Cruzada de Maria

In occasione della Celebrazione giubilare del 31 Maggio 1999 ebbe luogo a Bellavista un incontro internazionale della Gioventù Maschile di Schoenstatt, chiamato “Giovane Pentecoste” .

Come programma preliminare ci fu un pellegrinaggio a piedi – partendo dal Santuario di Mendoza, Argentina e passando per la cordigliera delle Ande – fino al Cristo Redentor, la grande statua di Cristo che si trova a 3800 metri di altezza.

L’intenzione di questo pellegrinaggio era di esprimere, con un gesto simbolico, il significato e la grandezza dell’avvenimento che si stava per celebrare nel modo proprio della Gioventù Maschile. È così che sorse la Crociata di Maria, che da allora è parte costitutiva nella vita della Gioventù Maschile di Schoenstatt del Cile e dell’Argentina e di tutti i paesi dell’America Latina – e oltre.

Fin lassù, verso il Cristo Redentor

Si celebrava il 50° anniversario della “Crociata” – proclamata da Padre Kentenich – del pensare, vivere ed amare organicamente nella vita quotidiana, con e come Maria; si tratta di portare Maria in tutti gli ambiti della vita e della società, affinché sia lei a condurre gli uomini a Cristo, in virtù dell’Alleanza d’Amore.

L’espressione simbolica per far propria questa “ Crociata”, la Cruzada del Fondatore – fu di mettersi concretamente in cammino sotto il Segno della Croce e con Maria, pellegrinando da un Santuario mariano all’altro, per incontrare sulla cima, al termine del cammino, Cristo che contempla e benedice l’Argentina e il Cile: il Cristo Redentore.

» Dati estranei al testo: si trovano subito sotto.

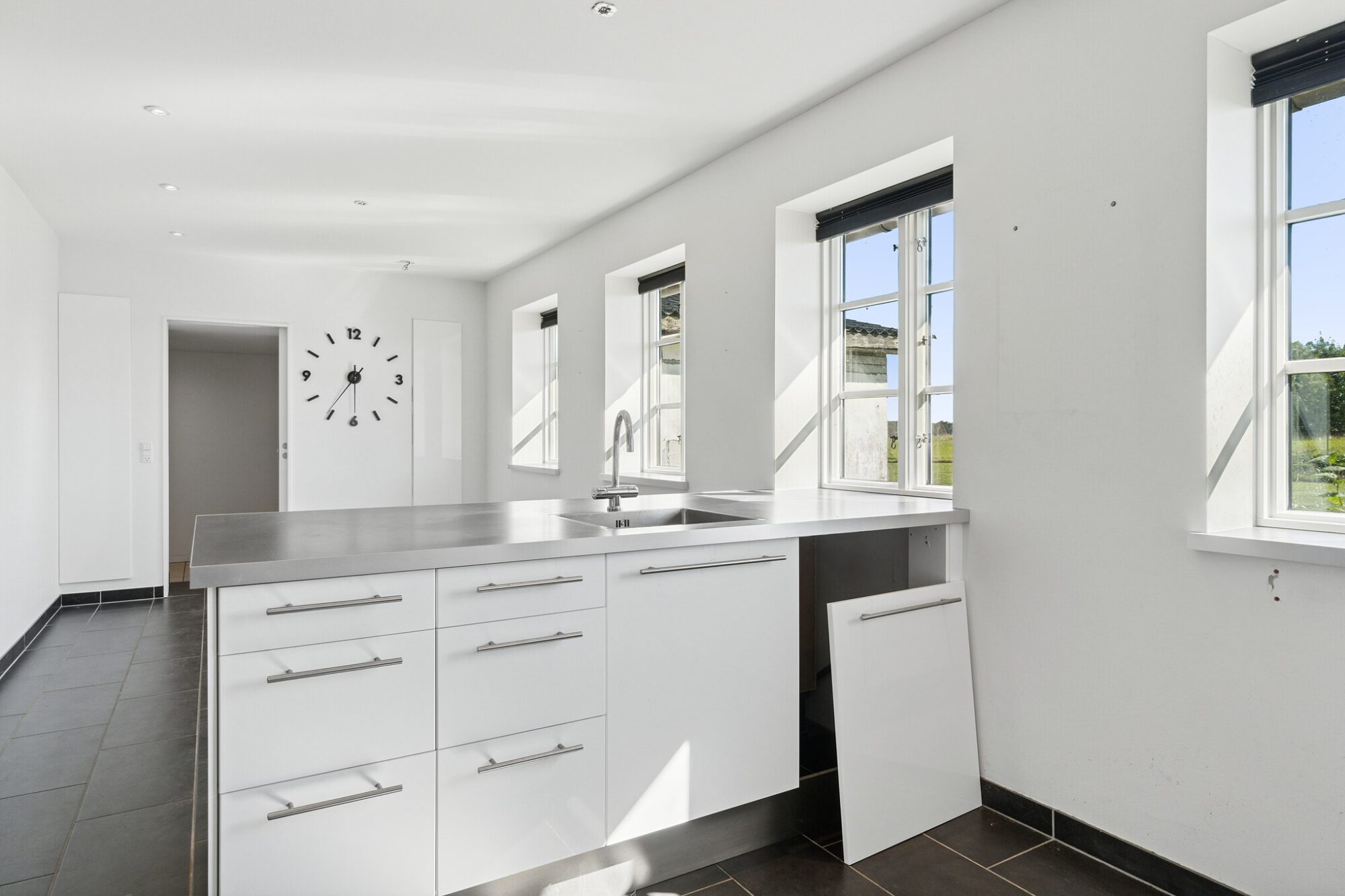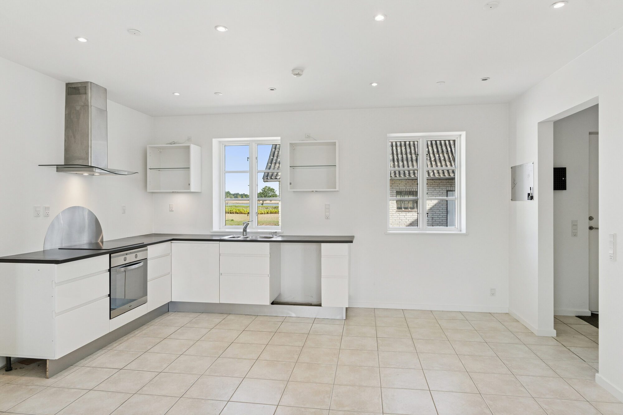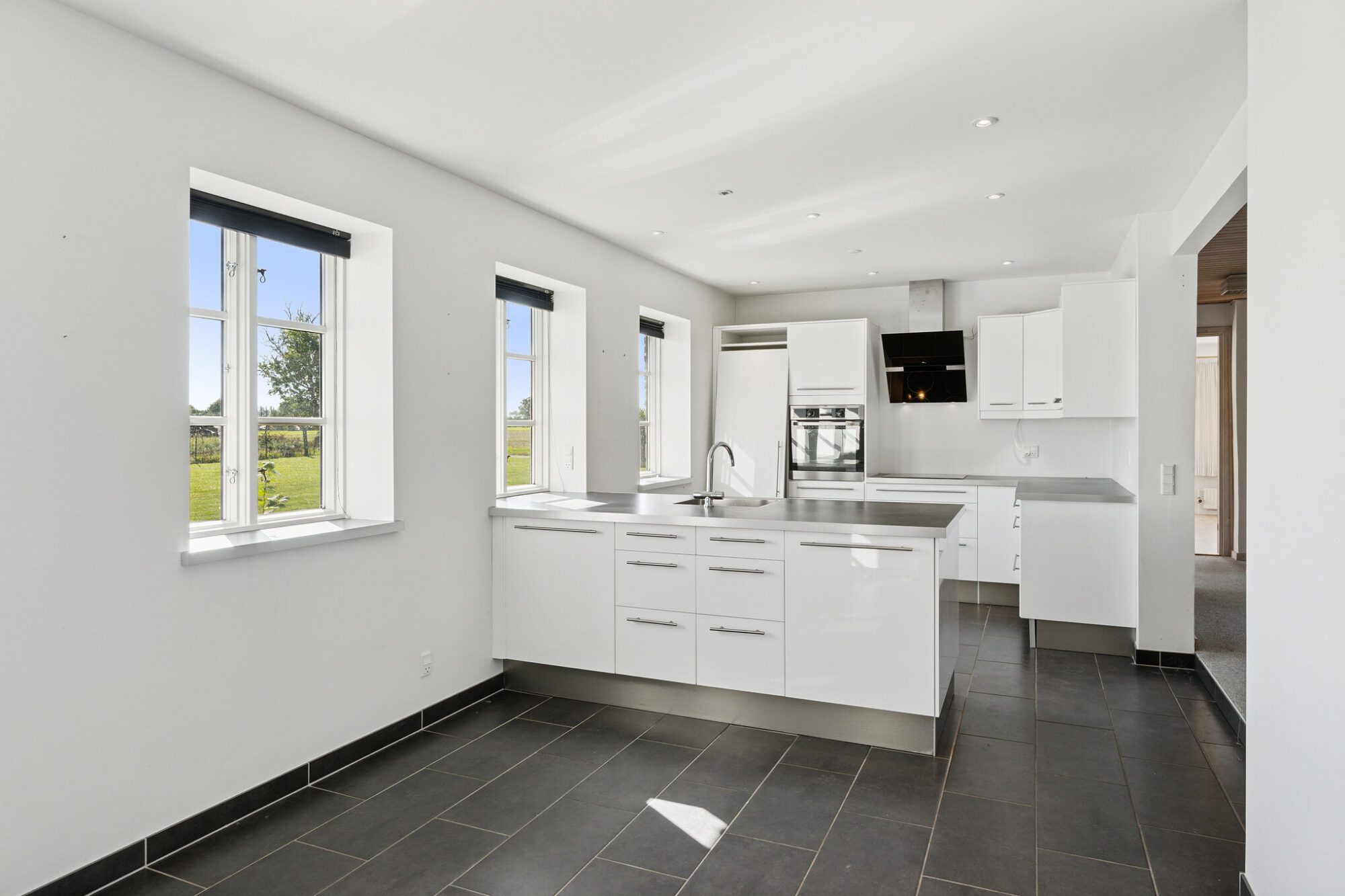 Udenfor venter den store grund på 5.000 kvm, hvor der er god plads til aktiviteter omgivet af åbne vidder og skøn natur.Daglige fornødenheder som skole, daginstitution og indkøb ligger inden for mindre end ni kilometer.

Seguendo i passi dell’esercito di liberazione

Fu questa stessa strada che aveva visto marciare 150 anni prima l’esercito di liberazione di José de San Martin. Qui iniziò l’indipendenza di questi popoli; i quali, all’indomani dell’insorgere di Mendoza si consacrarono alla Vergine del Carmelo; sul luogo della vittoria, già in territorio cileno, le costruirono un grande Santuario, quello di Maipú. La Crociata di Maria non è una lotta per l’indipendenza , ma contro ciò che allontana da Dio, impedendo di sentirlo vicino e di farne esperienza personale come Redentore, e di vivere in alleanza con lui. Non si tratta di mobilitare cannoni, bensì spiriti e cuori pronti a mettersi totalmente in gioco, affinché Maria operi in mezzo al suo popolo. I Santuari mariani ne sono un invito permanente.

Una crociata nel nome di Maria

La gioventù si mette in marcia lasciandosi dietro le cose superflue e persino necessarie, per superare i maggiori ostacoli dell’itinerario e arrivare in cima, da Santuario a Santuario. Celebrano una crociata che ha iniziato più di 50 anni fa e di cui sono parte, di cui siamo parte tutti noi. La traversata delle Ande è simbolo di questa crociata nel nome di Maria, per cui il progetto prende il nome – nel linguaggio “bellico” della gioventù vincente – Crociata di Maria, Cruzada de Maria.

Crociata de Maria… in marcia!

Il pellegrinaggio inizia ogni giorno con la parola d’ordine: “ Crociata di Maria – in marcia!” La “Cruzada de Maria” cerca anche di seguire la testimonianza di Mario Hiriart, il quale ha impersonato in forma preclara ciò per cui si è dato inizio a questo grande pellegrinaggio, e che ha sognato l’unione dei popoli nel Santuario: “nelle Ande costruiremo un Santuario, simbolo dell’unione dei nostri popoli e dei nostri cuori e del trionfo che la Madonna otterrà per mezzo dei suoi strumenti.” Il bastone del pellegrino che precede la Crociata è una fedele riproduzione della croce della tomba di Mario Hiriart, che sta a simboleggiare che i giovani seguono i suoi passi e chiedono il suo aiuto.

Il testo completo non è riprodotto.